Posts Tagged ‘do it yourself’

Making a power sata cable

Saturday, July 5th, 2008

So as I was building a new server for my apartment out of an old surplus dell that I had gotten from an auction I realized that in my haste I had forgotten about power to my new sata drive. I had purchased a new pci sata card as the motherboard only had ide connections. So with a search of the apartment discovered that I did not have an existing molex to sata power cable. I did find I had a sata power cable but the molex end was all wrong it being a female end and not a male end.

486 cpu fan

It was now time to either purchase a pre-made molex to power sata cable or see if around the apartment I could construct something. I found an old dell whose power supply had gone bad but low and behold it had power sata cables, but no male molex connectors. A little more digging and in a disused 486 box I found a cpu fan connector that had a male molex connector on it. I now had all the parts, time to break out the solder iron.

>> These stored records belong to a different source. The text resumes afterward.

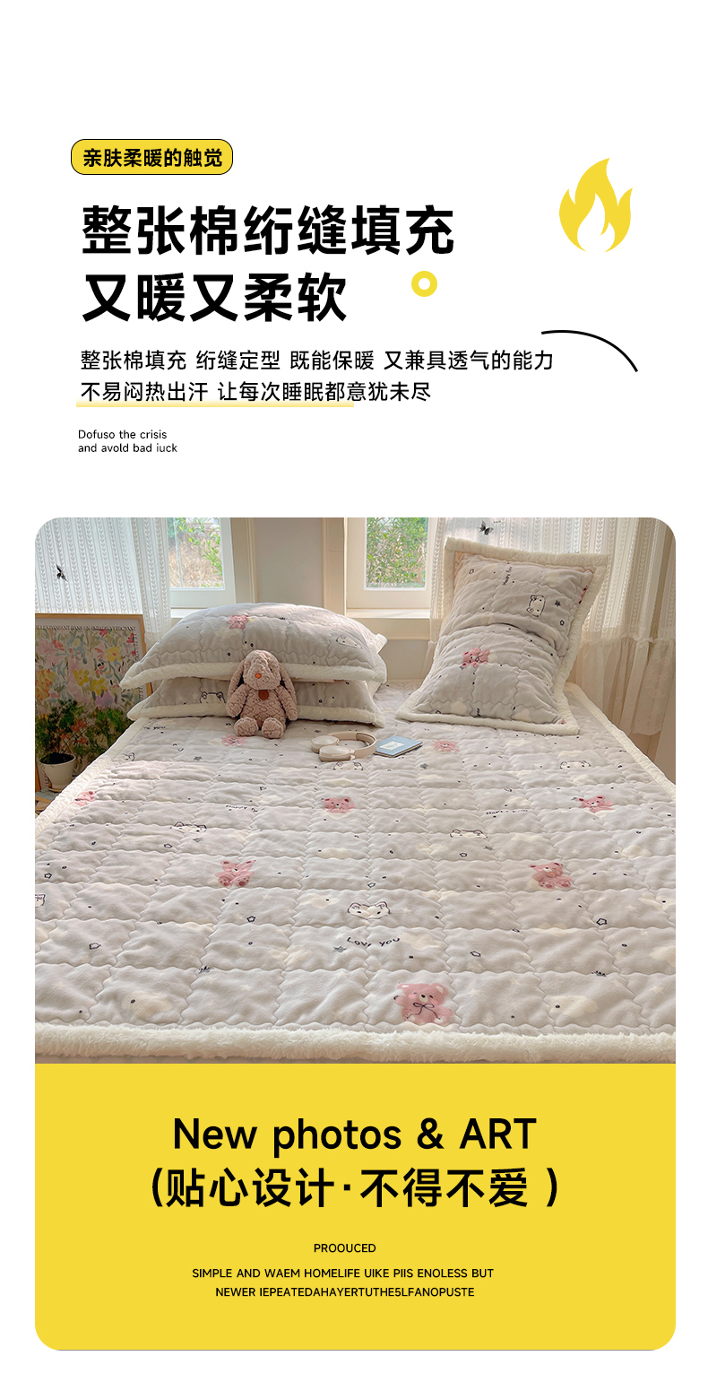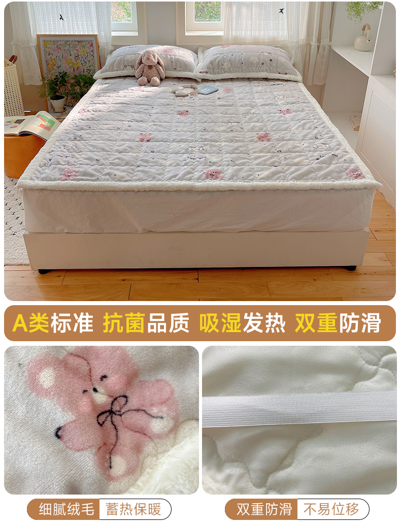 商品名称:红嘴企鹅 2025新款高克重牛奶绒印花床护垫床褥 星云小熊
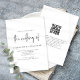 Script moderne QR Code Mariage noir et blanc ou changer à n'importe quelle couleur de votre choix. Le Mariage de est dans un script défini et personnalise facilement le reste du texte. Remplacez simplement l'exemple d'URL dans le champ modèle par votre propre URL et votre code QR sera automatiquement créé pour que vos invités puissent répondre en ligne.
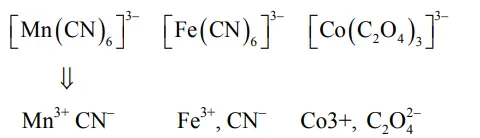 Statement I : $\left[\mathrm{Mn}(\mathrm{CN})_{6}\right]^{3-},\left[\mathrm{Fe}(\mathrm{CN})_{6}\right]^{3-}$ and $\left[\mathrm{Co}\left(\mathrm{C}_{2} \mathrm{O}_{4}\right)_{3}\right]^{3-}$ are d $^{2} \mathrm{sp}^{3}$ hybridised.
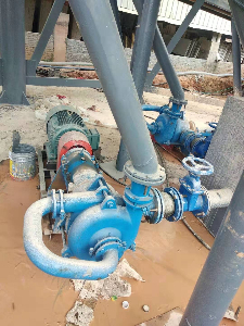 80YBT/37千瓦壓濾機(jī)入料泵機(jī)制砂尾泥壓榨處理現(xiàn)場(chǎng),過流部件為高鉻合金,雙葉輪結(jié)構(gòu),負(fù)壓密封,不用變頻調(diào)速。壓榨時(shí)長為30-40分鐘,每板5噸泥餅。
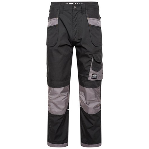 JCB Trade Plus Black/Grey Rip. 65% Polyester 35% Cotton Rip Stop Fabric 200gsm. Cordura reinforced holster pockets. Top loading Cordura knee pad pockets. Multifunctional pockets. Triple stitched flat felled seams. Cordura reinforcements at the bottom of both legs. Reflective piping on back of leg. Two back pockets.

I first tried to solder out the old wires from the power supply and this worked for a couple of the wires, but with the larger groupings of wires my solder iron simply wasn’t powerful enough so out came the wire cutters and I soon had a bunch of wires freed from a PSU. I decided to remove all the wires since the wires seemed to be long enough that I might want to use them in another project.

I cut off the female portion of the cpu fan power cable as well as the two wires leading to the fan it self. After untangling the PSU wires I was left with five wires on the sata cable and 4 wires on the molex cable. Well ain’t this a problem I had an unequal number of wires to try and match up. Now I knew that the black wires were grounds and was safe there and had two of each. One red and one yellow wire matched up just fine but what was I to do with this extra orange wire. A few minutes searching the web I found that the extra orange wire is a 3.3v rail and isn’t actually needed so I was safe.

A few minutes with the solder iron and I had connected the parts together and I now had a molex to sata power cable. Due to cheapness I used black electrical tape to cover my solder joints and not shrink tubing. I also wrapped the wires in tape in a few places to help reduce the clutter. Another item of mention is that I left the unused 3.3v line attached to the sata end and just tapped it up with the other wires, just in case I might ever need this wire.

Molex to Sata Power Cable

Plugged my new cable in, closed the case up and the computer powered right up detecting my hard drive so my power cable was working.

And yes I know the photo quality leaves a lot to be desired.